— Можешь! — турианец-конвоир рыкнул так, что сразу заложило уши и задрожали колени. Звук возгласа заполнил зал, надавил ощутимо на барабанные перепонки. И как турианцы при их тонком и остром слухе умудряются выдерживать такие громкие звуки?!
— Я... я... я задо-задохнусь! — просипел заключённый, продолжая дрыгать ногами и размахивать руками.
— Повисишь — поймёшь! — рыкнул турианец уже тише и спокойнее. — Умел вредить — умей и отвечать и возмещать вред!
— Я... я не один такой, — выдавил бывший бизнесмен.
— Да, — подтвердил старший конвоир. — Не один. Много вас. Ничего. Война — заставит измениться. А мы — поможем войне заставить вас, бизнесменов, измениться, — рыкнул он. — Сейчас ты займёшься сматыванием кабелей в бухты. Сроку на это тебе — сорок минут. — Турианец поставил заключённого на ноги, разжал пальцы. — Стой прямо. И — приступай к работе! Давай, давай, работай! Отрабатывай долги и штрафы!

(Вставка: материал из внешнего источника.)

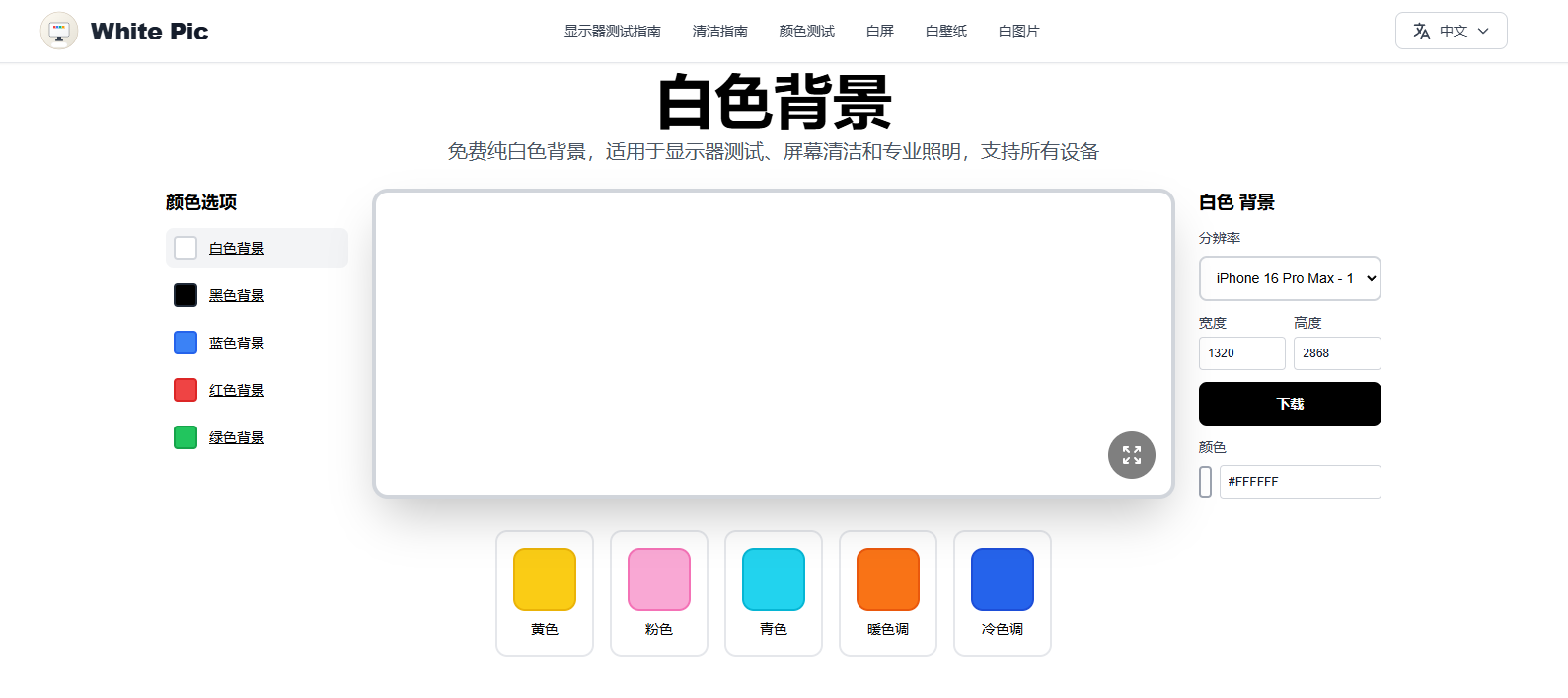 White Pic 是一个纯色背景图在线工具,可以根据不同设备和需求,选择适合的纯色背景,支持自定义分辨率和颜色选项。应用场景多种多样,无论是进行显示器测试、清洁屏幕还是作为摄影的光源,白色背景工具都能满足大家的需求,在手机、平板电脑等各类设备上均可完美显示。

Вполголоса чертыхаясь, бывший бизнесмен убедился, что перчатки вроде остались на руках, пальцы ломик не выпустили — хоть и левая рука, а удержали. Но эти кабели...

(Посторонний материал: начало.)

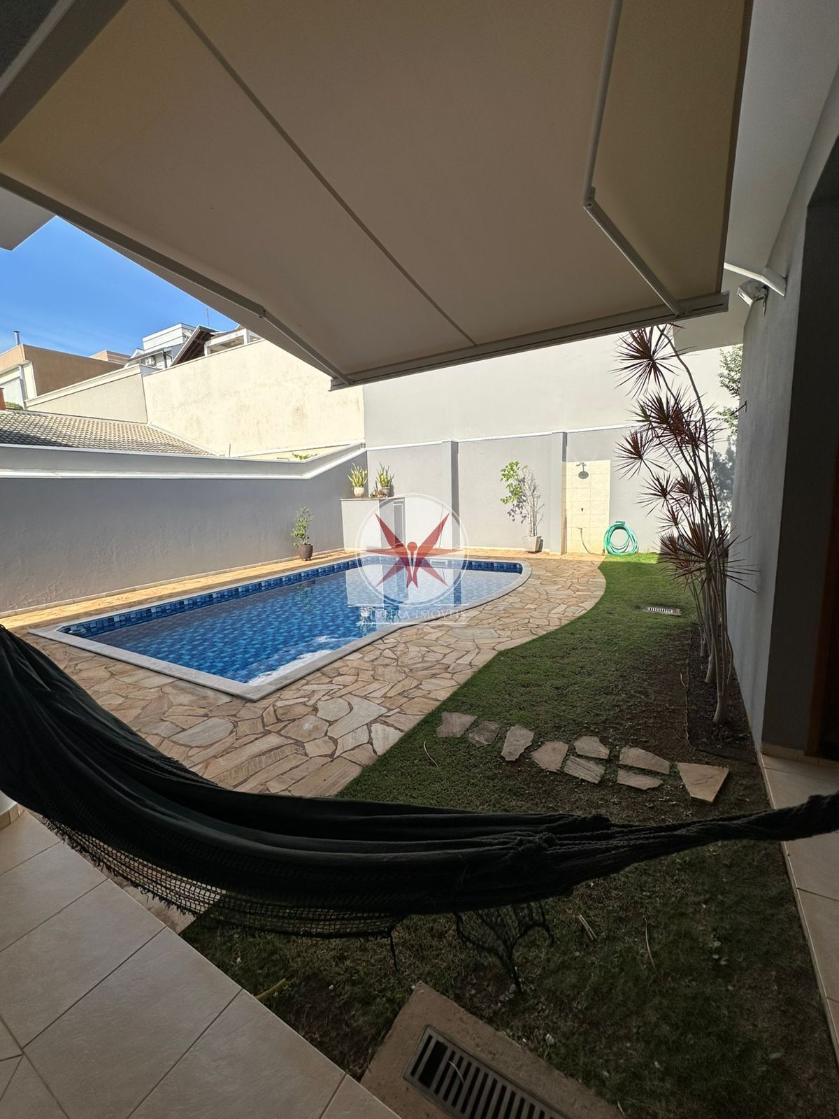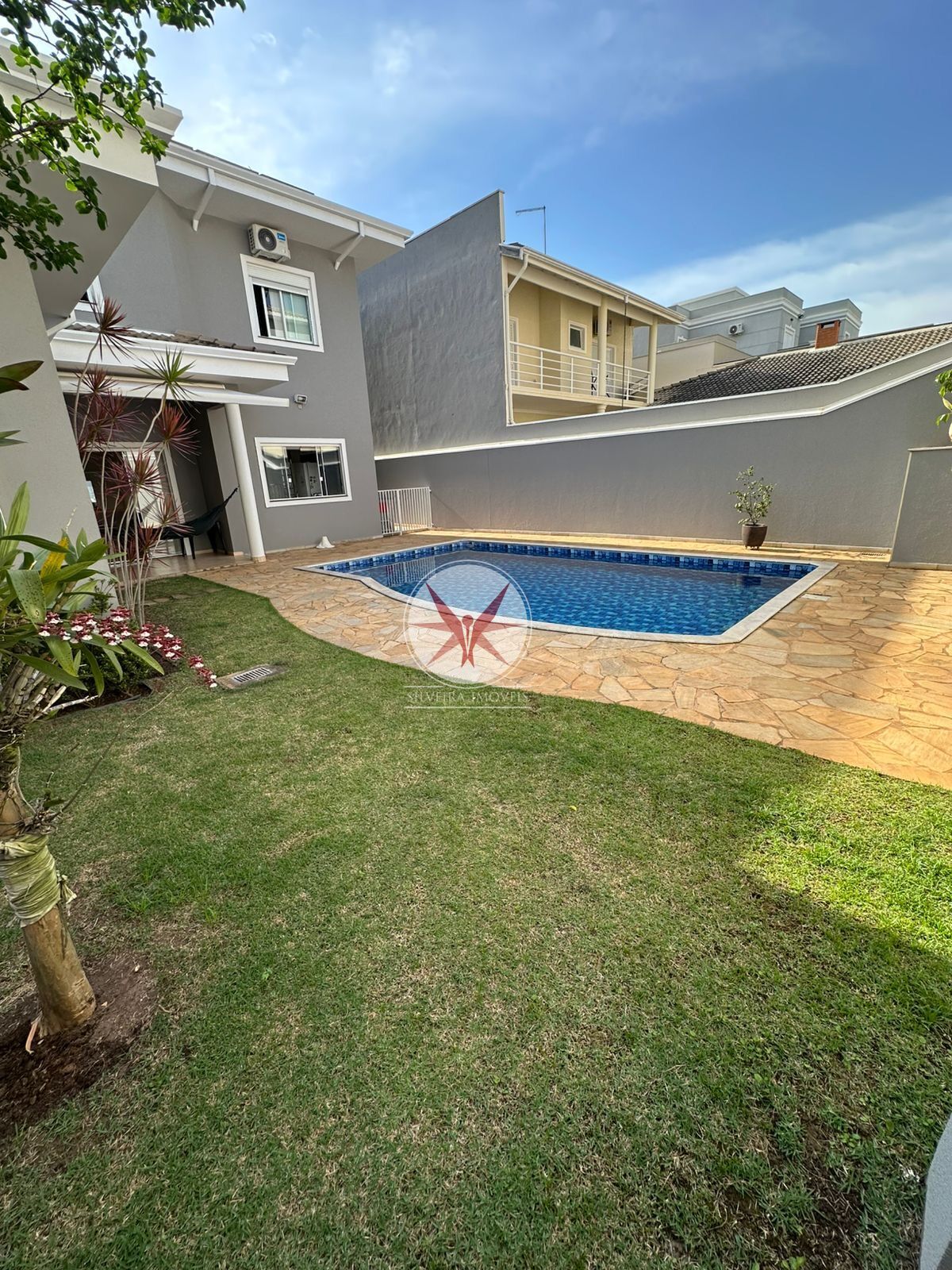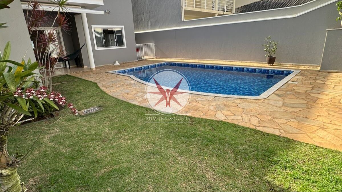 Pavimento Inferior: sala 2 ambientes, quarto de hóspedes ou escritório, banheiro/lavabo, cozinha com planejados, lavanderia, churrasqueira, banheiro da piscina, escritório, piscina espetacular, área de sol, grama no quintal, a casa possui 2 corredores.

Стоило наклониться и попробовать поднять 'кишку' — мышцы не обманешь: сразу доложили, что кабель — в толстой изоляции. И его жилы — или чего там у него внутри, под оболочкой — изготовлены из очень плотного и тяжёлого материала. С таким провозишься... Долго провозишься.
Мельком взглянув на таймер, светившийся над проходом, в котором по-прежнему маячил младший конвоир. Он там что, 'прописался' и ни разу позу не изменил? Или изменил, но совсем незаметно? Прям воин роты почётного караула. Истукан какой-то...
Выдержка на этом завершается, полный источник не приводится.